Должно быть, я ненадолго впала в беспамятство, потому что меня разбудила ссора девочек.
— Я не отказываюсь дать тебе денег, просто не ври, что ты их вернешь.
— Но я на самом деле верну. — Просящий голос звучен и красив от природы.
— Нет, не вернешь, ты никогда не отдаешь долги. — Рассудительный голос сдержан и высокомерен.
— Верну… я нашла работу. — Пустая уловка.
— Работу? Ты? — Недоумение легко понять.
— В «Хакни доге»…
В Хакни… как это не вяжется с ее… с ее…
…обликом. Она красавица, моя Наташа. Ей бы носить длинные белые перчатки и записывать прыгающим серебряным карандашиком имена поклонников в программку танцев. А вместо этого она натягивает рукава своего черного кашемирового кардигана до самых запястий. Лучше бы она кололась в подошвы ног. Ее черные волосы выглядят так, словно их стригли фестонными ножницами. Голубые глаза обведены сурьмой, от которой темные круги под глазами кажутся еще темнее. Она конечно же под кайфом. В ее зрачках сосредоточилась гниль, тронувшая увядшую радужку. Она выше меня на дюйм или около того — наверное, в ней пять футов одиннадцать дюймов, — но худа, как вешалка. Когда я в последний раз видела ее раздетой, на ней все ребра можно было пересчитать. Если бы эту гнусную мастэктомию сделали ей, она бы даже не заметила. Но она выезжает на скулах, моя младшая. На скулах и обаянии. Как женщина с таким щедрым ртом может быть столь скупа на чувства? Хотя это не важно: Нэтти родилась не для того, чтобы давать, а чтобы брать. Любой мужчина отдаст ей сердце или кошелек, а в наши дни — кредитную карточку и мобильник. Я часто думаю, не эта ли способность получать согласие, еще не задав вопроса, стала причиной ее полного неумения противиться своим внутренним голосам, своим демонам-искусителям. «Хочешь героина, Нэтти?» — ласково спрашивают они, а она отвечает: «Конечно, почему бы нет?» Она выдает себя за художницу — она и впрямь посещала художественную школу. К сожалению, она недостаточно обеспечена, чтоб быть одной из девушек-занимающихся-живописью, поэтому ей пришлось стать женщиной, рисующей на стенах.
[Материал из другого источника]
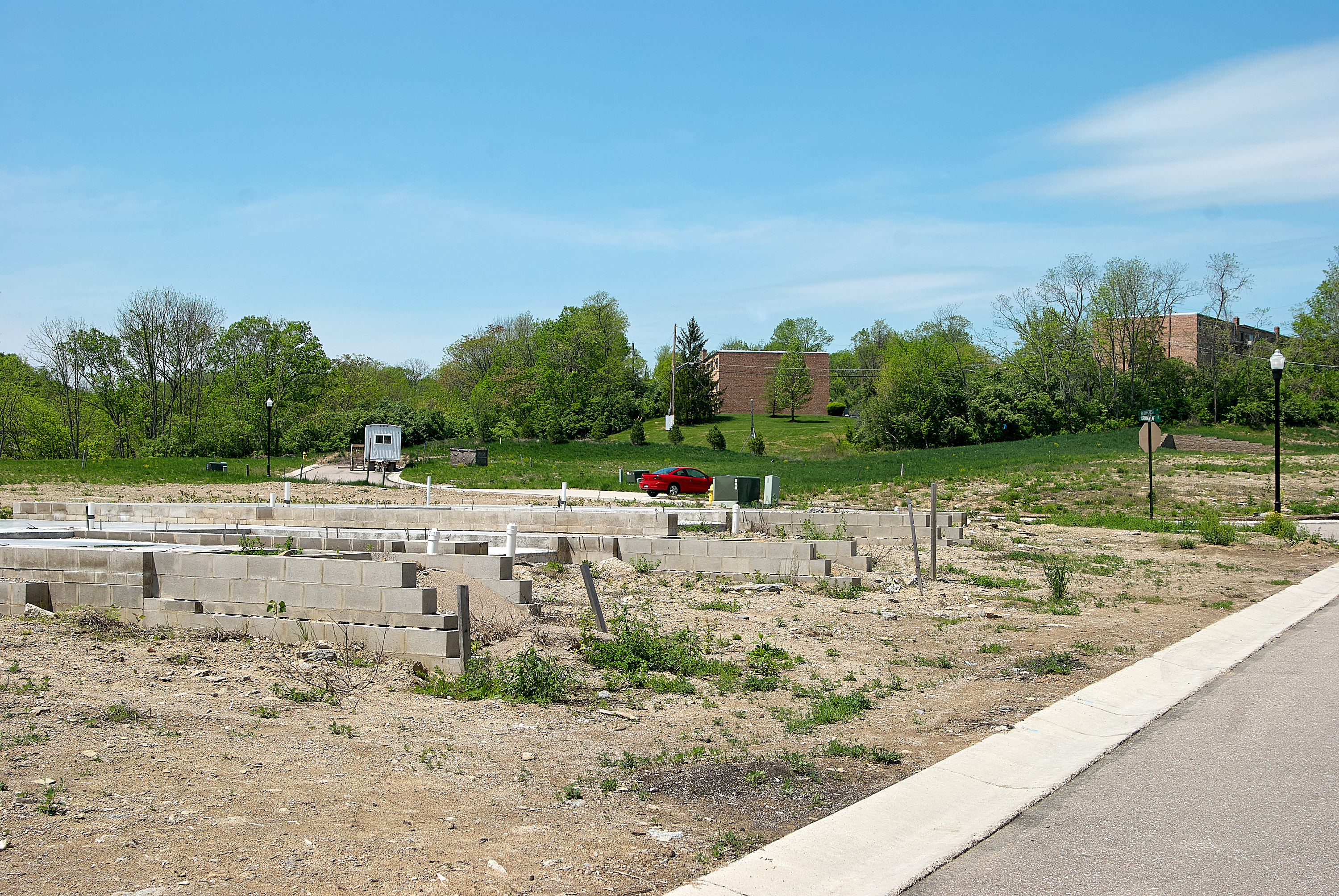 Cincinnati & Westwood right-of-way at the Bluffs at Woodcrest subdivision, looking northwest. From here up to Lafeuille Avenue, several apartment complexes from the 1960's and 70's were built on the hillside and have erased the Cincinnati & Westwood's roadbed. The trailer at the end of Turningleaf Court at the left center marks the approximate location of the ROW as it headed west from here.

Она расписывала стены для какого-то культурного центра, но, судя по недавней перепалке, это в прошлом.
— В «Хакни доге», какая удача, — говорит Шарлотта. — Ведь ты уже знаешь туда дорогу.
— Катись ко всем чертям, скупердяйка! Не хочешь дать мне в долг двадцать фунтов — не давай. Потрать их на педикюр или массаж. Промывай свою буржуазную задницу хоть до смерти — мне плевать!
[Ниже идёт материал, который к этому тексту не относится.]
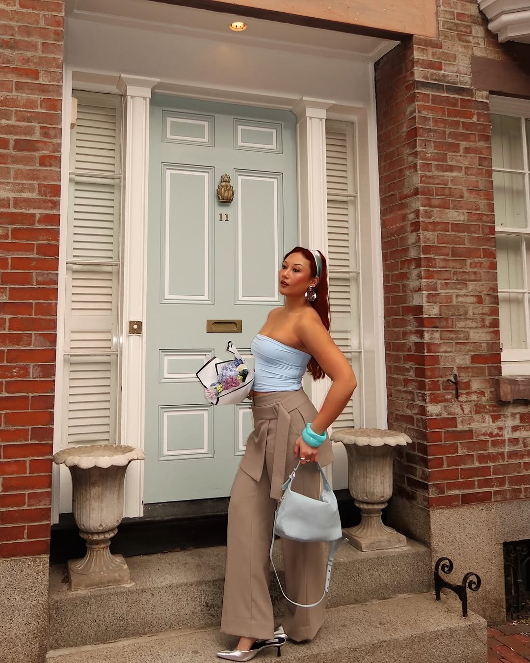 A baby-blue strapless top with tailored wide-leg trousers? Yes, please. This look balances softness and structure so well—it’s feminine but with that cool-girl edge. The matching accessories and sleek styling tie it all together without trying too hard.

— Двадцать фунтов большие деньги.
Как это похоже на Шарлотту — так произнести «двадцать фунтов». Ледяным тоном. Она знает цену словам, которые деньги. Я приоткрываю одно веко, чтобы разглядеть обеих. Нэтти расположилась у стрельчатого триптиха облупленного готического окна. Моя кровать стоит в углублении — я углублена в себя. Наташе к лицу сочетание разврата и святости. Легко представить ее мадонной скверны. Шарлотта сидит на месте доктора Стила, у тумбочки. Она принесла цветы и бутылку ячменного отвара. Вчера я попросила ее принести ячменного отвара, которого мне хотелось больше всего на свете: больше света, больше жизни, больше любви. Но то было вчера, а сегодня я лучше буду блевать, чем пить эту мерзость.
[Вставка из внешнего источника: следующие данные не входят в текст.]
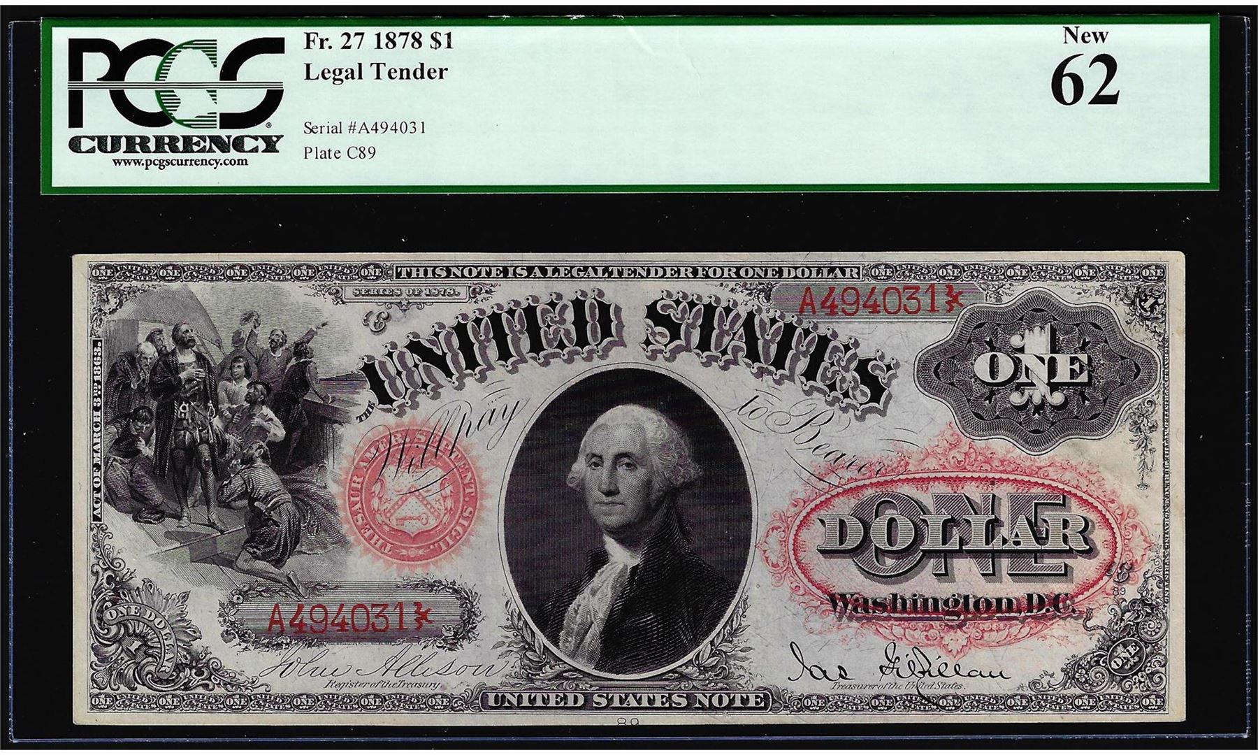 One 1878 $1 Legal Tender Note Fr.27 PCGS New 62. PCGS Graded.

Ячменный отвар и Шарлотга в чем-то схожи: и тот и другая в конце концов разочаровывают вас. Мало того, о них мечтаешь лишь тогда, когда их нет. Шарлотта одна из тех женщин — она производит впечатление зрелой женщины, хотя ей только тридцать против вечных двадцати семи Нэтти, — которые считают своей святой обязанностью максимально использовать то, что им дала природа. Она крупная полная блондинка, вроде меня. Временами она так напоминает мне мою нескладную молодость, что это просто невыносимо. Да, она похожа на меня: рост пять футов десять дюймов; вес, по меньшей мере сто пятьдесят фунтов; большие, похожие на дирижабли груди; крутые бедра, густые волосы. Настоящая крупная блондинка, без дураков. Она бы могла с честью нести это звание, как я, будь у нее нос, но у нее нет носа, нет того «шнобеля», того «руля», который вел меня по жизни. К сожалению, нет. Вместо этого у нее нос пуговкой, как у Дейвида Йоса. «Retruosse»,[5]— обычно говорила его мать. «Вернее, поросячий», — отвечала я.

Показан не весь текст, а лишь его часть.